Clashes Break Out in Northern Syria, Testing Turkish Truce

Syrian government forces enter Kurdish-held areas amid six-day cease-fire

Turkey-backed Syrian rebel fighters gather near the border town of Tal Abiad, Syria, on Thursday. PHOTO: KHALIL ASHAWI/REUTERS

Original article by BySune Engel Rasmussen and Nazih Osseiran, 25th October 2019

BEIRUT—Renewed clashes between Kurdish and Turkish forces Friday tested a shaky cease-fire in northern Syria, as the Russian-backed Syrian government moved troops into the area as part of efforts to reclaim territory it ceded during the eight-year war.

Following a pact struck between Ankara and Moscow this week, Turkish forces suspended their military campaign Wednesday, giving Kurdish fighters 150 hours to leave a 20-mile-deep belt that Turkey calls a safe zone.

Nonetheless, since Thursday morning, Turkey and its local allies have been conducting a ground assault including artillery shelling on several border villages, forcing thousands of civilians to flee, the Kurdish-led Syrian Democratic Forces said.

Turkey didn’t comment on the claim, but accused the Kurds of targeting its forces. The Turkish presidency’s press office said five Turkish soldiers were injured Thursday.

Several players are pushing to exert control in northern Syria. After the sudden U.S. decision earlier this month to withdraw roughly 1,000 troops who had supported the Kurds in the fight against Islamic State in Syria, Russia has consolidated its role as the main power broker in the country.

The agreement between Russia and Turkey delineates those two countries’ spheres of influence. The U.S. exit has also allowed Syrian government forces to enter Kurdish-held areas and stirred fears of a resurgence of Islamic State fighters.

In a sign of how the deal allows for territory to change hands, up to 1,300 Syrian government forces and at least 160 vehicles arrived Thursday to the area around the town of Kobani, located on the Turkish border, according to the Rojava Information Center, a media activist network.

Kobani is inside a zone designated for Turkish-Russian patrols. As Russia is a key backer of President Bashar al-Assad’s regime, the U.S. pullout could allow government forces to reconstitute in some areas currently under control of the Kurds, who are seeking protection after the exit of their U.S. partners.

Turkish drones attacked southeast of the border town of Ras al-Ain on Thursday and Friday, killing at least one SDF fighter, according to David Eubank, a U.S. humanitarian worker volunteering with the Kurdish-led forces.

“These Turkish airstrikes have not stopped any day during this so-called cease-fire, along with the Free Syrian Army, they attack all day yesterday from noon until night,” Mr. Eubank said, referring to Turkish-backed Syrian rebels.

Eight Turkish-backed troops and three SDF fighters were killed Friday, said the Syrian Observatory for Human Rights, an independent monitoring group. Three nurses working with an ambulance team were killed by Turkish-backed rebels, and their bodies discovered in a water sewage system near Tal-Abiad on Thursday, the Kurdish Red Crescent said.

Under the Turkey-Russia agreement, Russian and Syrian security forces would oversee the withdrawal of Kurdish fighters from the safe zone and conduct joint patrols in parts of the area.

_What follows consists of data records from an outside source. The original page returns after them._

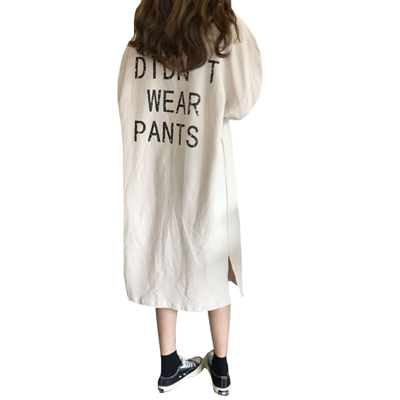 / 秋季女裝韓版后背字母長袖T恤寬松中長款套頭衛衣顯瘦連衣裙長裙
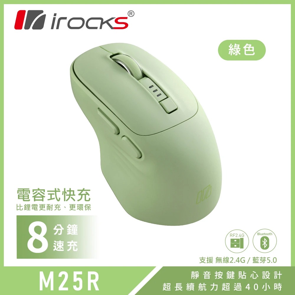 【iRocks】M25R 快充式無線靜音滑鼠 綠色
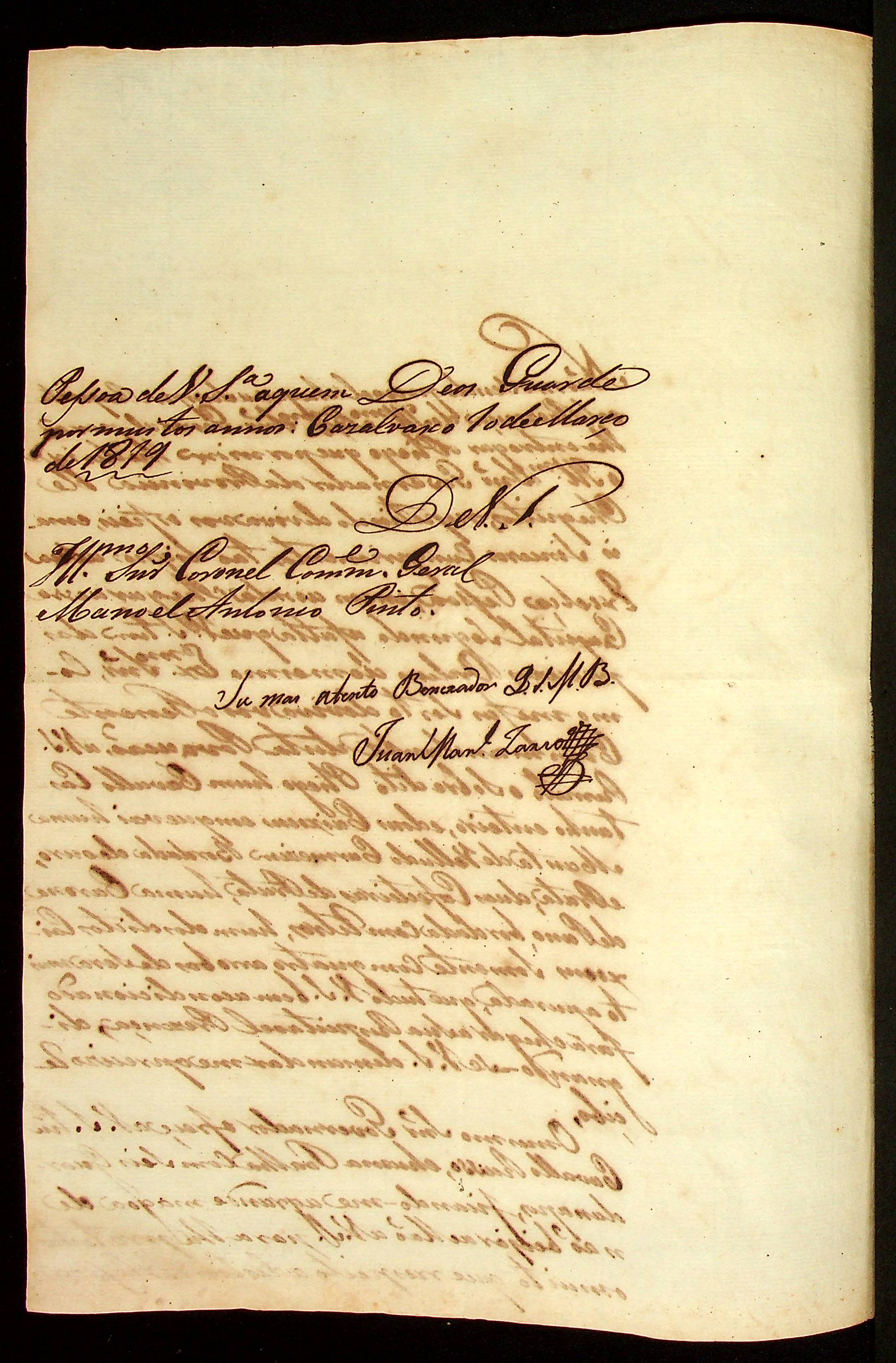 CARTA de [Juan Manoel Zarro] ao Coronel Comandante Geral Manoel Antônio Pinto.

On Friday, the Russian Defense Ministry said it has sent around 300 more military police officers from Chechnya to the Syrian-Turkish border area.

They will “ensure security, maintain order and patrol assigned areas,” the ministry said, according to Russian state-controlled news agency TASS.

The forces will also assist Kurdish units in withdrawing from the border area, the ministry added.

U.S. officials said Thursday the White House is considering leaving about 500 American troops in northeast Syria and sending in dozens of tanks and other equipment, in a possible partial reversal.

Russian Deputy Foreign Minister Sergei Ryabkov criticized Washington on Friday, saying the U.S.’s plans could complicate the Moscow-Ankara agreement.

The agreement “shouldn’t tempt anyone to once again to reformat or change [their plans],” Mr. Ryabkov told Russian journalists. “We have certain concerns about the often changing signals coming from Washington about its plans and intentions in relation to Syria.”

“We wouldn’t want any new difficulties,” he added.

Ankara says the YPG militia, which forms the backbone of the SDF, is closely tied to the Kurdistan Workers’ Party, which the U.S. and Turkey consider a terrorist organization.

Turkish President Recep Tayyip Erdogan said Thursday that the U.S. should hand over Mazloum Abdi, the leader of the YPG.

“The U.S. should hand this man to us,” Mr. Erdogan said in remarks broadcast by Turkey’s state broadcaster TRT, adding that he had instructed his justice minister to take the necessary steps for an extradition.

—Jared Malsin and David Gauthier-Villars in Istanbul, and Ann Simmons in Sochi, Russia, and Thomas Grove in Minsk, Belarus, contributed to this article.